2025-11-26 19:23:44
It’s the response from the Australian Government that tells you what they really think of the young people they claim to be protecting:
Teens launch High Court challenge to Australia’s social media ban
However, 15-year-olds Noah Jones and Macy Neyland – backed by a rights group – will argue the ban completely disregards the rights of children.
“We shouldn’t be silenced. It’s like Orwell’s book 1984, and that scares me,” Macy Neyland said in a statement.
After news of the case broke, Communications Minister Anika Wells told parliament the government would not be swayed.
“We will not be intimidated by threats. We will not be intimidated by legal challenges. We will not be intimidated by big tech. On behalf of Australian parents, we will stand firm,” she said.
2025-11-26 19:10:26
Paid subscribers get a bypass, of course:
Why is Substack asking to verify my age?
The UK Online Safety Act requires restricted access to content that could be considered sensitive for younger audiences. If you see blurred or blocked content, this doesn’t necessarily mean that the content is harmful, it just may fall into a category that must be age-restricted per the requirements of the OSA.
Verification in the UK is optional, however, without verification, you may continue to come across blurred content or be blocked from accessing certain features (a Substack’s chat, DMs, livestreams) with a prompt to verify your age thus limiting your Substack experience.
Yeah, really…
2025-11-26 18:55:06
This should be obvious, no?
It’s how we deal with football hooligans:
Football (Offences and Disorder) Act 1999 (Notes)
…The measures proposed would provide recourse to the law to prevent a range of offenders from attending matches in this country and travelling to and attending designated matches abroad.
One could try to argue “Yes but we have regulations to force football teams and stadia to stop hooligan violence…” — and yes we do, but that regulation applies only to the UK; the foreign teams & stadia have their own laws.

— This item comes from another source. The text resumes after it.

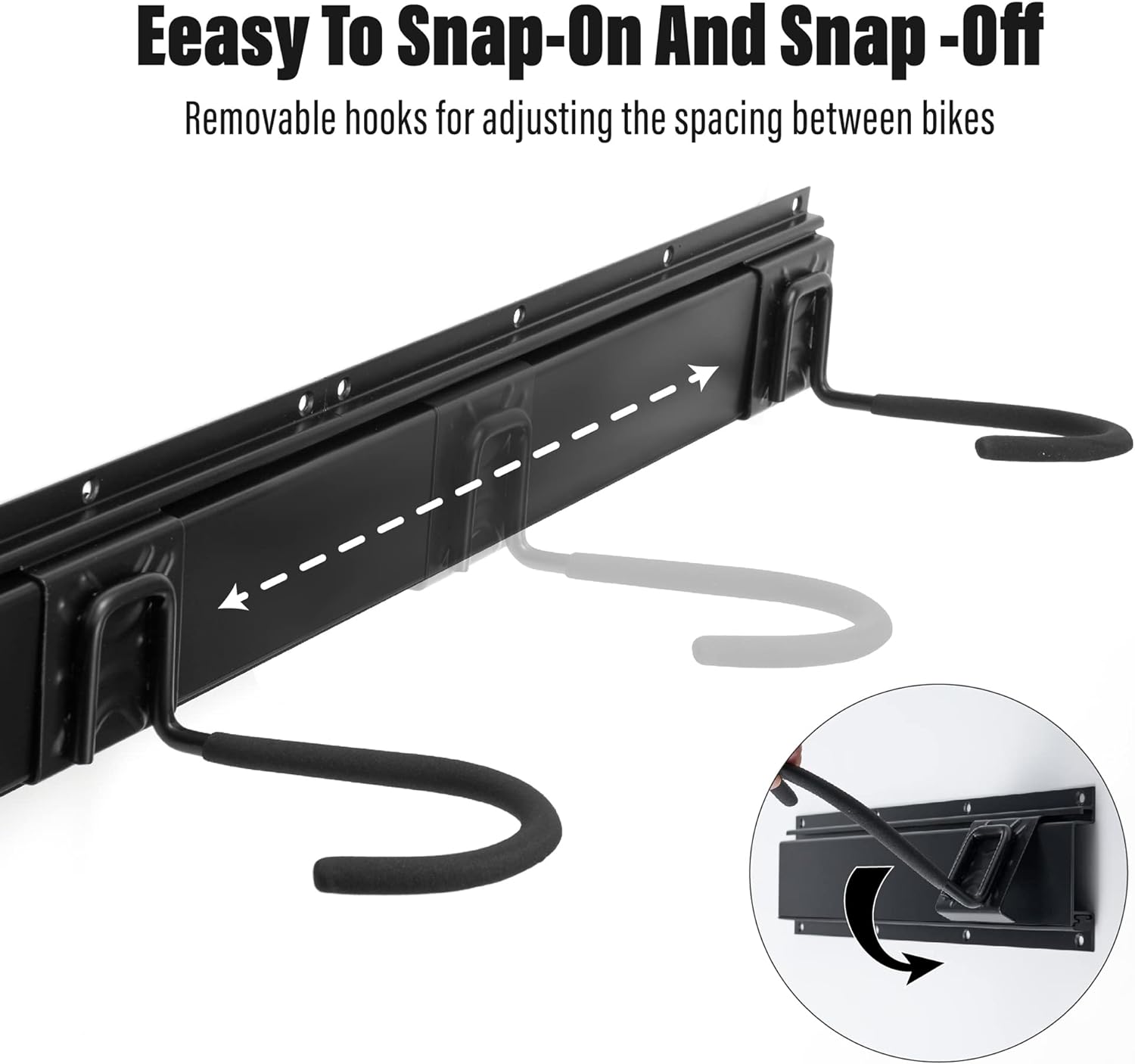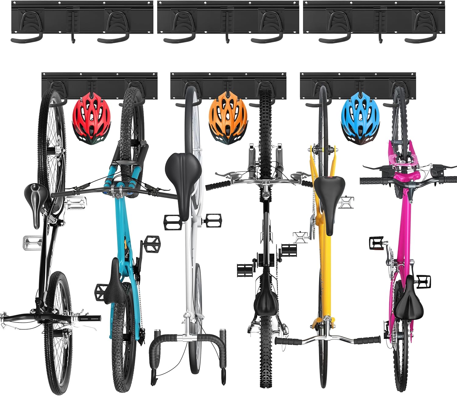 - Package includes: 6 bike hooks + 3 helmet hooks + 3 hook guide rails, bike hook specification 75*160*110mm, helmet specification 100*38*2mm, plate specification 405*100*2mm, suitable for 6 bike parks.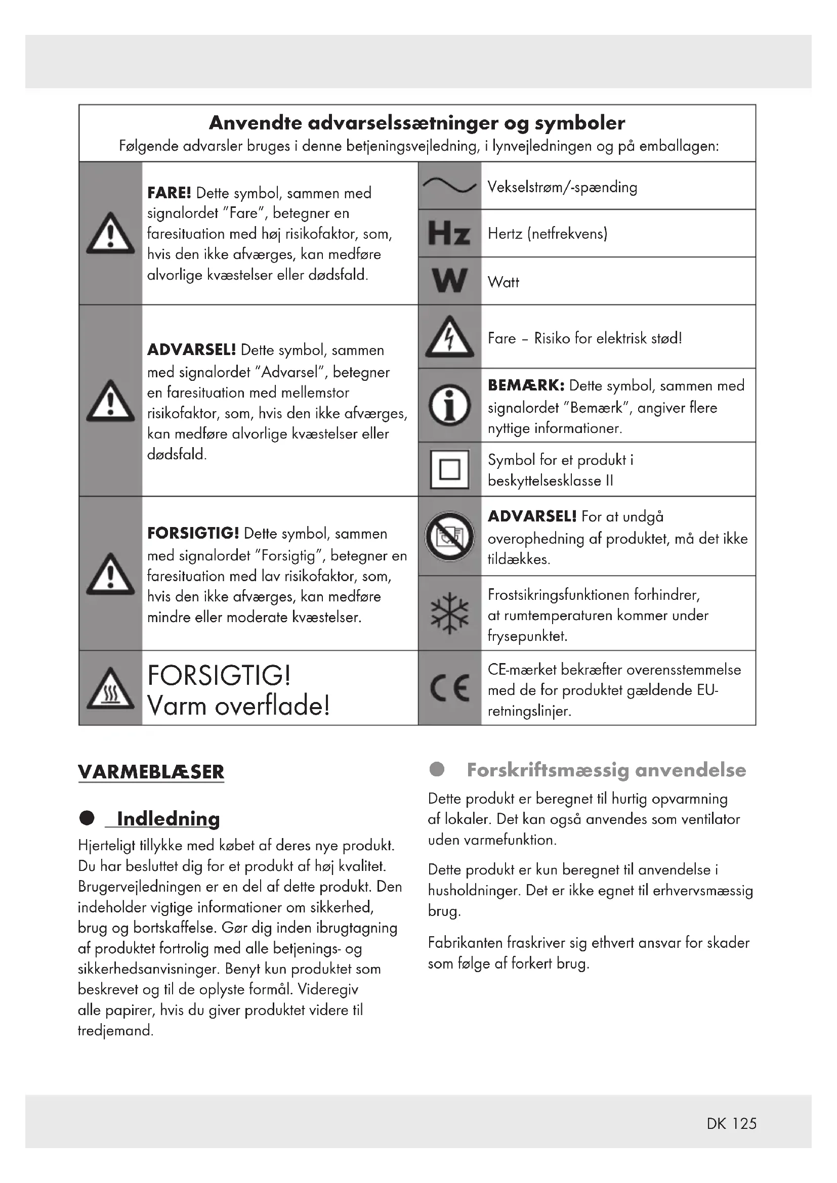 Anvendte advarselssætninger og symboler Følgende advarsler bruges i denne betjeningsvejledning, i lynvejledningen og på emballagen: FARE! Dette symbol, sammen med signalordet ”Fare”, betegner en faresituation med høj risikofaktor, som, hvis den ikke afværges, kan medføre alvorlige kvæstelser eller dødsfald. Vekselstrøm/-spænding Hertz (netfrekvens) Watt ADVARSEL! Dette symbol, sammen med signalordet ”Advarsel”, betegner en faresituation med mellemstor risikofaktor, som, hvis den ikke afværges, kan medføre alvorlige kvæstelser eller dødsfald. Fare– Risiko for elektrisk stød! BEMÆRK: Dette symbol, sammen med signalordet ”Bemærk”, angiver flere nyttige informationer. Symbol for et produkt i beskyttelsesklasse II FORSIGTIG! Dette symbol, sammen med signalordet ”Forsigtig”, betegner en faresituation med lav risikofaktor, som, hvis den ikke afværges, kan medføre mindre eller moderate kvæstelser. ADVARSEL! For at undgå overophedning af produktet, må det ikke tildækkes. Frostsikringsfunktionen forhindrer, at rumtemperaturen kommer under frysepunktet. FORSIGTIG! Varm overflade! CE-mærket bekræfter overensstemmelse med de for produktet gældende EU- retningslinjer. VARMEBLÆSER Indledning Hjerteligt tillykke med købet af deres nye produkt. Du har besluttet dig for et produkt af høj kvalitet. Brugervejledningen er en del af dette produkt. Den indeholder vigtige informationer om sikkerhed, brug og bortskaffelse. Gør dig inden ibrugtagning af produktet fortrolig med alle betjenings- og sikkerhedsanvisninger. Benyt kun produktet som beskrevet og til de oplyste formål. Videregiv alle papirer, hvis du giver produktet videre til tredjemand. Forskriftsmæssig anvendelse Dette produkt er beregnet til hurtig opvarmning af lokaler. Det kan også anvendes som ventilator uden varmefunktion. Dette produkt er kun beregnet til anvendelse i husholdninger. Det er ikke egnet til erhvervsmæssig brug. Fabrikanten fraskriver sig ethvert ansvar for skader som følge af forkert brug.126

Maybe they’re looking for a way to avoid painting all Britons as potential Internet hooligans?
2025-11-26 18:38:31
I’m confident a few privacy activists across Europe are seeking GDPR (etc) arguments to critique the mechanisms behind the location-based exposure of “Foreign, Fake MAGA Agents”; I disagree, but I think there will be ripples of positive & negative consequences until a new norm is established & understood. Of course I’m not the only one thinking this:
Another former employee, speaking on condition of anonymity because they are not authorized to speak about their work at X by their current employer, said the company had decided against deploying the idea in the past for two reasons: concern about creating a visible target for bad actors to manipulate and fear that the label could backfire. If a bad actor successfully spoofed a U.S. location, the platform would effectively be incorrectly verifying it as a trusted American voice.
It’s pretty simple:
The only way to break this loop is not to play the game, but we’re not in that universe at the moment.
However: there are some worthwhile zingers in the comments, here:
Reddit:
Nikita Bier, X’s head of product development, said they’re working to resolve the use of VPNs to alter account location. How?
2025-11-25 20:52:29
Well this is misconceived and is going to end badly, if it goes anywhere at all. Perhaps the British people ought to be able to sue members of parliament for losses caused by legislation?
https://therecord.media/software-companies-liable-britain-security
2025-11-21 21:18:15
International Association for Cryptologic Research runs secure vote and then loses the keys so nobody knows what the result is. As one commenter put it: “So a single member can collude to reset the vote?”